What is required>
Write out the lines of the material below exactly, beginning at the line with "En pleno verano, la" and stopping after the line with "Þessi línulegi vöxtur", and leave out the pictures.

Record set>
= Beginning of Section =

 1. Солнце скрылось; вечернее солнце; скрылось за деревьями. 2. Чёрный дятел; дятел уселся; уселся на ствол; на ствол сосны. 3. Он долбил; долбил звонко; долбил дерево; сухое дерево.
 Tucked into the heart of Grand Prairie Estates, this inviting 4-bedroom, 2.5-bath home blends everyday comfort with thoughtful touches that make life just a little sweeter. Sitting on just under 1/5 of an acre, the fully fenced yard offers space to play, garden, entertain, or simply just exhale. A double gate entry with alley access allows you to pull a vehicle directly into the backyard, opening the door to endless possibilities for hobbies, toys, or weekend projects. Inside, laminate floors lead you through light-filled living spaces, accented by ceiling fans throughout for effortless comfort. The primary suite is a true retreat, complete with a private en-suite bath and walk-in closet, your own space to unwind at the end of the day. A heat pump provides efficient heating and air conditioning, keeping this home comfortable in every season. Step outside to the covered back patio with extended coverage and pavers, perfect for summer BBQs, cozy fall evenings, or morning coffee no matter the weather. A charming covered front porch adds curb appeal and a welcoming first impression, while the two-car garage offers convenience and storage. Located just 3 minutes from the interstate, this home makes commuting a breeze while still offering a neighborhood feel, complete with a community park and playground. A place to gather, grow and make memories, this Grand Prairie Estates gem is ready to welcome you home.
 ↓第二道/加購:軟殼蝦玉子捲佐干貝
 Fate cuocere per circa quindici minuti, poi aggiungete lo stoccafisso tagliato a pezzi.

= End of Section =
= Beginning of Section =

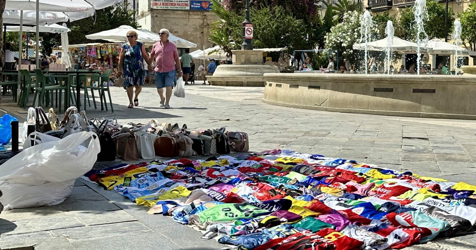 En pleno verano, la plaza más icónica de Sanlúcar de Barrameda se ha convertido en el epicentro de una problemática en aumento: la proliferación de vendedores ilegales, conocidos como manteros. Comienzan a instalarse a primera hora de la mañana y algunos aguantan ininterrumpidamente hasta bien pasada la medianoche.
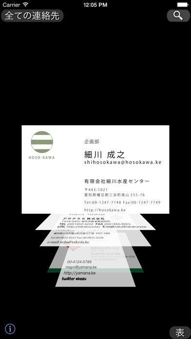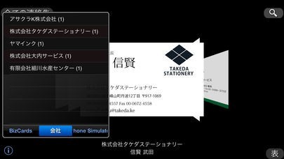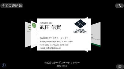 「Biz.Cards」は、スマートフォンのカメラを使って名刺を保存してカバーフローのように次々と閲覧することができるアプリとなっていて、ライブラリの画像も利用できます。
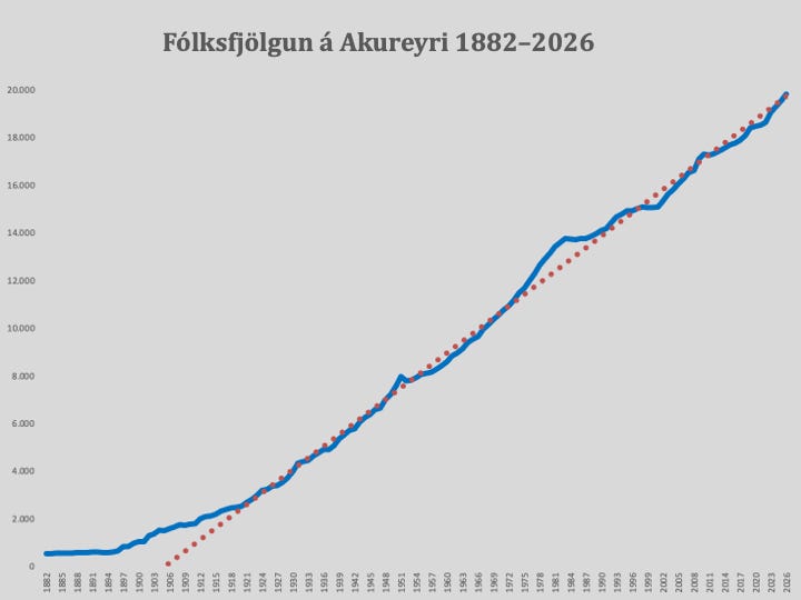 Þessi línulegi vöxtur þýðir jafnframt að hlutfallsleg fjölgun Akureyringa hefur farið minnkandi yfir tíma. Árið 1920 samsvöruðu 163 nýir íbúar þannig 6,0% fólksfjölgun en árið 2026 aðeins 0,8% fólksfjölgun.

= End of Section =

Answer space>
 En pleno verano, la plaza más icónica de Sanlúcar de Barrameda se ha convertido en el epicentro de una problemática en aumento: la proliferación de vendedores ilegales, conocidos como manteros. Comienzan a instalarse a primera hora de la mañana y algunos aguantan ininterrumpidamente hasta bien pasada la medianoche.
 「Biz.Cards」は、スマートフォンのカメラを使って名刺を保存してカバーフローのように次々と閲覧することができるアプリとなっていて、ライブラリの画像も利用できます。
 Þessi línulegi vöxtur þýðir jafnframt að hlutfallsleg fjölgun Akureyringa hefur farið minnkandi yfir tíma. Árið 1920 samsvöruðu 163 nýir íbúar þannig 6,0% fólksfjölgun en árið 2026 aðeins 0,8% fólksfjölgun.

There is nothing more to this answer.